_Problem details_: In the records below, find the line containing "Fig 10: The" and return it together with every later line, exactly as written; pictures are to be omitted.

_The data_:
========================

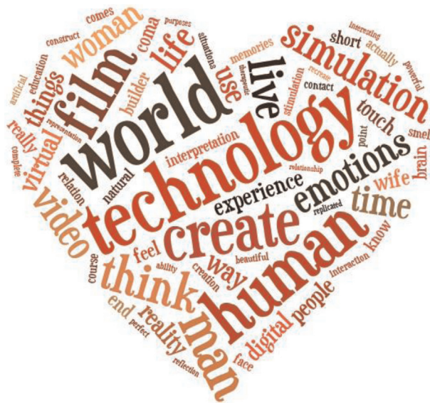
Figure 2. ‘World Builder: a crowd-sourced tag heart’ by John O’Neill, digital artefact created for the EDCMOOC: http://www.tagxedo.com/artful/f2c519c2502249f9

The text used for this digital artefact was produced in response to one of the video resources used in the course. ‘World Builder’ (Branit 2007) is a short sci-fi film, depicting a male character that creates an idyllic computer generated holographic environment for the cognitive enjoyment of an apparently comatose female. It is a film which features themes of simulation, immersion in technology, virtuality, and artifice, and these were the interpretations proposed by the course tutors alongside an
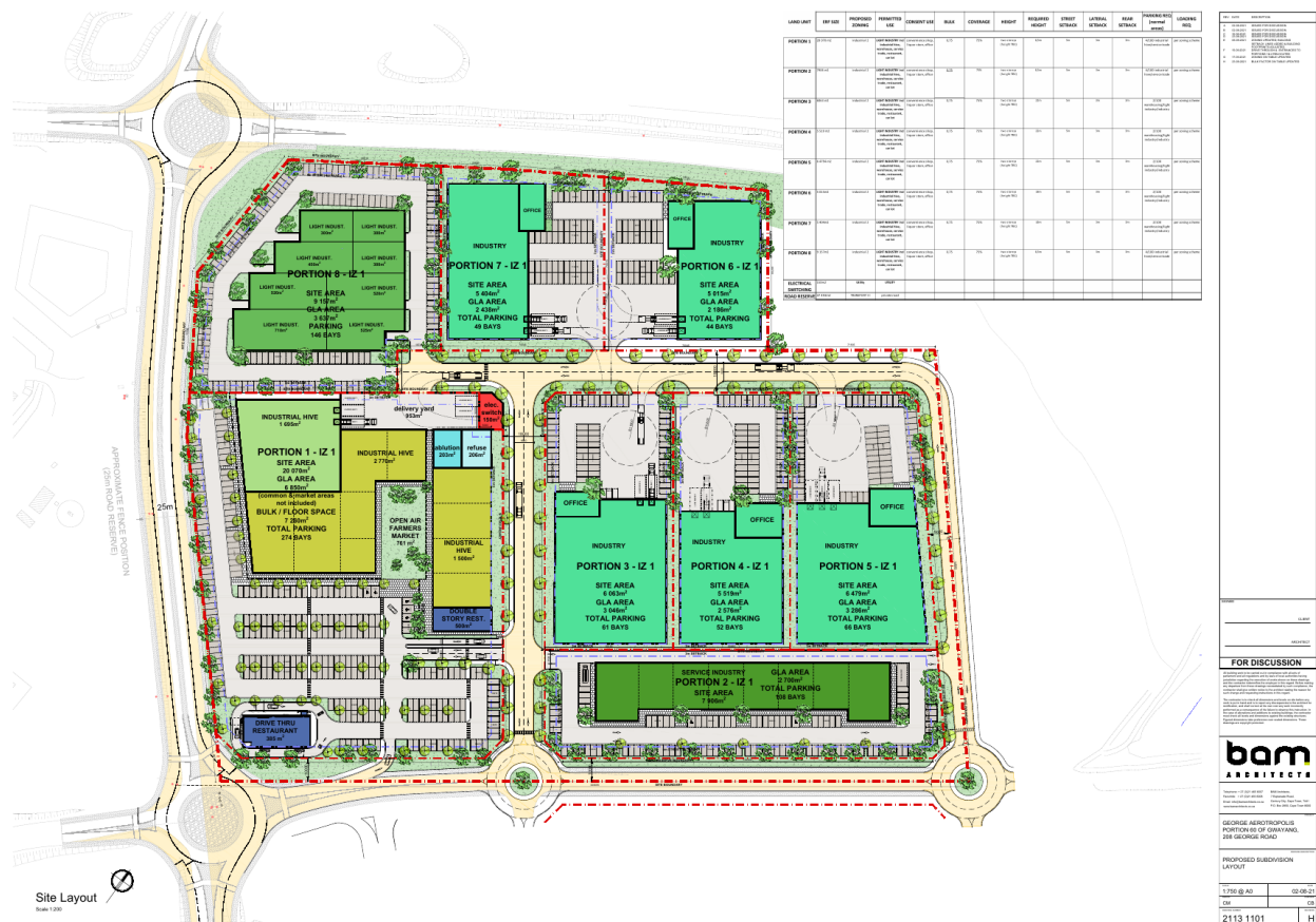
Figure 1: Lay-out plan for the proposed George Aerotropolis development.
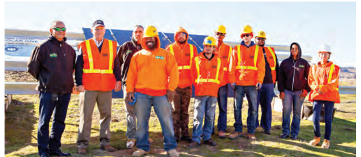
RichmondBUILD team at MCE Solar One in Richmond, CA

MCE's Sustainable Workforce and Diversity Policy focuses on creating opportunities to build a clean energy workforce and foster local economic growth. MCE partners closely with local workforce development agencies and union labor including the Rising Sun Center for Opportunity, RichmondBUILD, and Future Build. MCE has utilized union labor for many of its renewable energy projects and recently signed a Project Labor Agreement with IBEW Local 302 in Contra Costa County. Our local renewable energy projects also require at least 50% of the workforce be from local residents and all employees must receive prevailing wage.
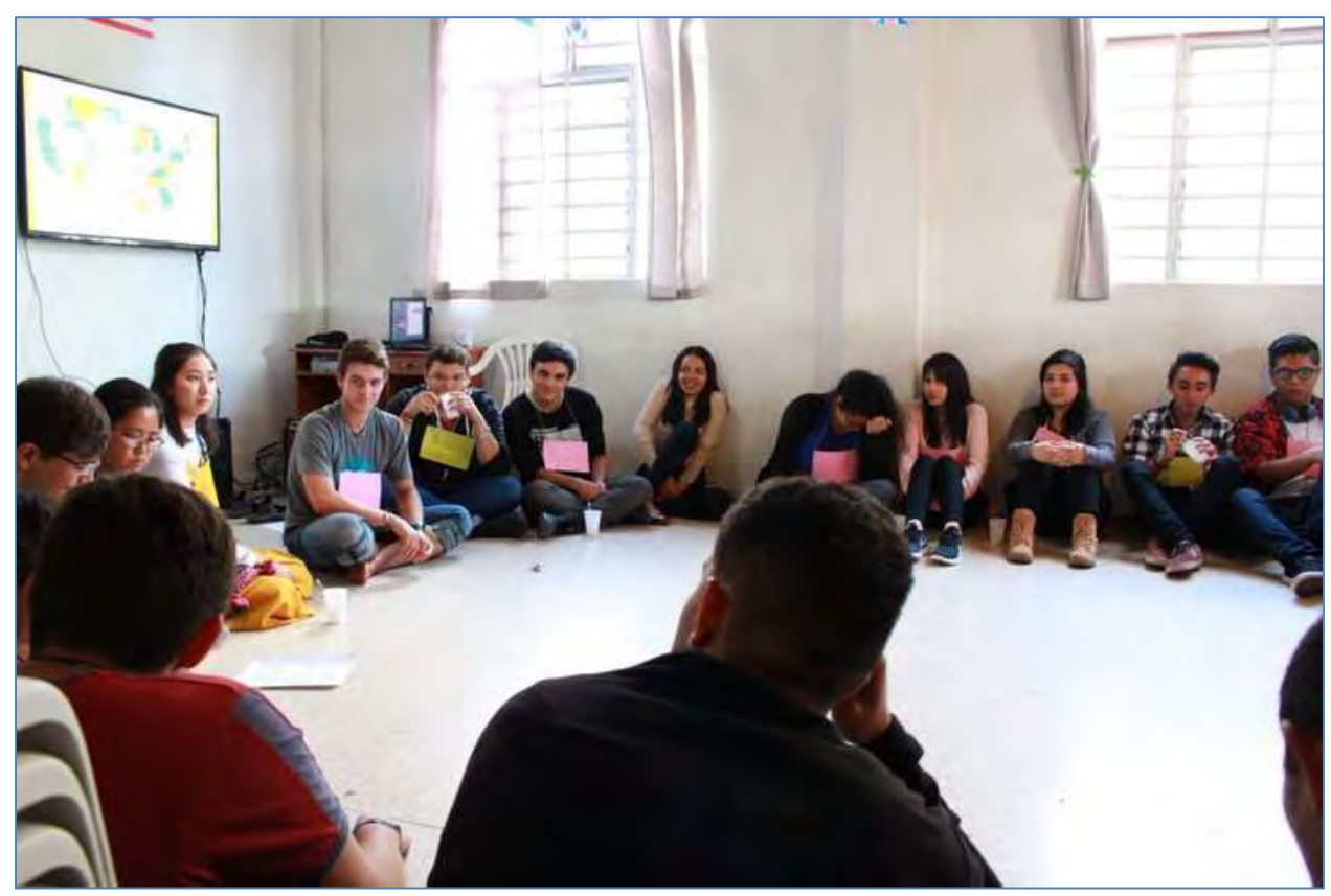
Each person shared about their experience and gratitude toward the event that we held!

that America is a country that transcends race and nationality, we can help others understand that we are one global family.
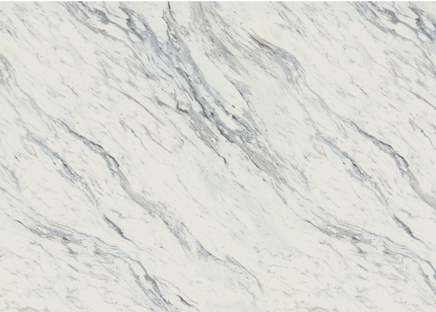
CALCUTTA MARBLE 4925K-07

“This is not your grandmother’s countertop”. Today’s HPL competes with some of the most sought after surfaces. Wilsonart® HPL combines beauty and performance to create a surface that withstands everyday cooking, spilling, eating, working, and playing. Wilsonart® HPL offers this durability in a wide variety of tones and textures, all of which can match your home’s aesthetic and transform kitchen countertops, island countertops, open shelving, vanity tops, and much more.
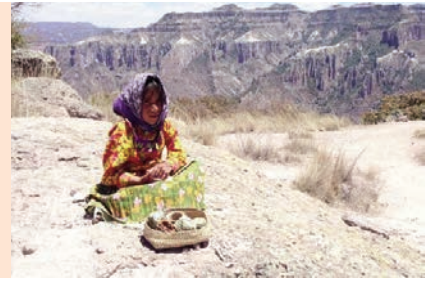
HOME OF THE TARAHUMARA INDIANS
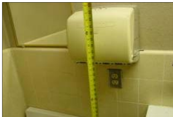
Unisex Restroom at the Maintenance Building

Finding: The bottom edge of the reflecting surface of the mirror in the restroom is greater than 40 inches above the finished floor.
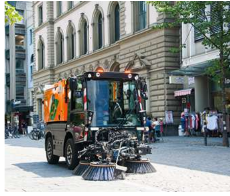
Swingo 200+ Sweeper
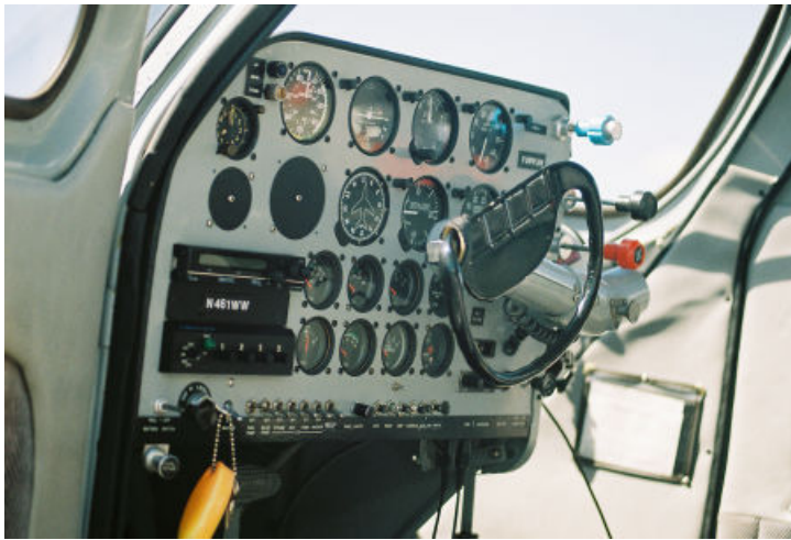
A Seabee panel
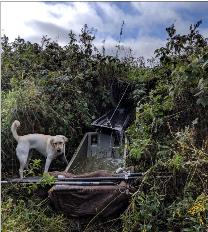
Figure 6. Jury-rigged system set up to catch escaping Starhead Topminnows, with Hatchery Manager Biscuit on duty.

Pond management included daily dissolved oxygen monitoring, aeration when needed, daily well pumping, and aquatic plant
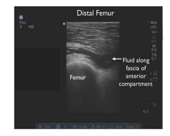
Figure 2. Transverse view of distal left thigh shows complex fluid collection seen within muscles of anterior compartment
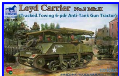
Bronco Loyd Carrier No. 2, Mk II (Tracked Tractor), # CB35188, towing a Riich British Ordnance QF Mk. IV A-T Gun 6 Pdr, # 35042 http://www.track-link.com/forums/site_blogs/22053
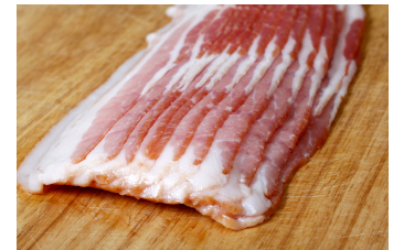
*55361-Natural Smoked Bacon 5 x 1lb Packages | $45.00
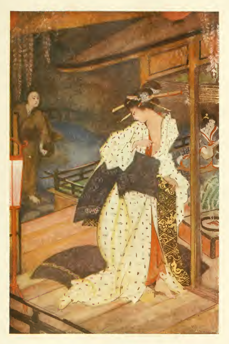
Kiyo and the Priest.
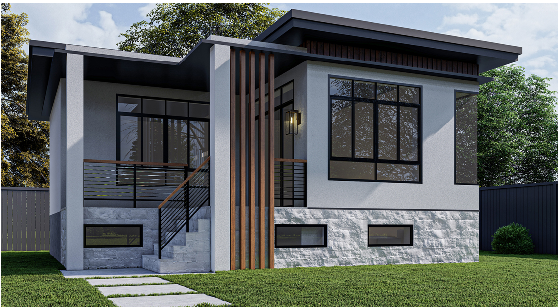
“The Ontario” model - recessed garden suite concept from Laneway Housing Advisors

The new building is a mostly-autonomous auxiliary dwelling unit, normally up to 6.0m (19.68 feet) tall, that cannot be legally severed from the main property, but is permitted a wide variety of uses, including as a revenue-producing (rental) unit. Where practical, some will have optional indoor vehicle parking.
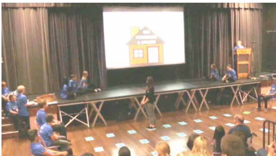
Fig 10: The 'flood snakes and ladders' stakeholder event

At the end of the performance, audience members were given the Flood Manifestos and invited to respond by writing a pledge about what action they would take based on what they had seen (see Appendices 3 & 4).
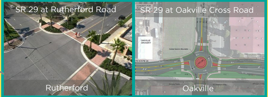
Renderings of Project Options
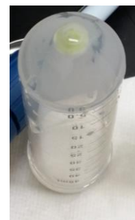
Fig. 4 Ideal pellet should have yellow/light green or white look before starting density gradient purification (Day 1, step 25)
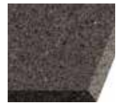
Solid Surface (TSS)

========================

_Problem solution_:
Fig 10: The 'flood snakes and ladders' stakeholder event

At the end of the performance, audience members were given the Flood Manifestos and invited to respond by writing a pledge about what action they would take based on what they had seen (see Appendices 3 & 4).
Renderings of Project Options
Fig. 4 Ideal pellet should have yellow/light green or white look before starting density gradient purification (Day 1, step 25)
Solid Surface (TSS)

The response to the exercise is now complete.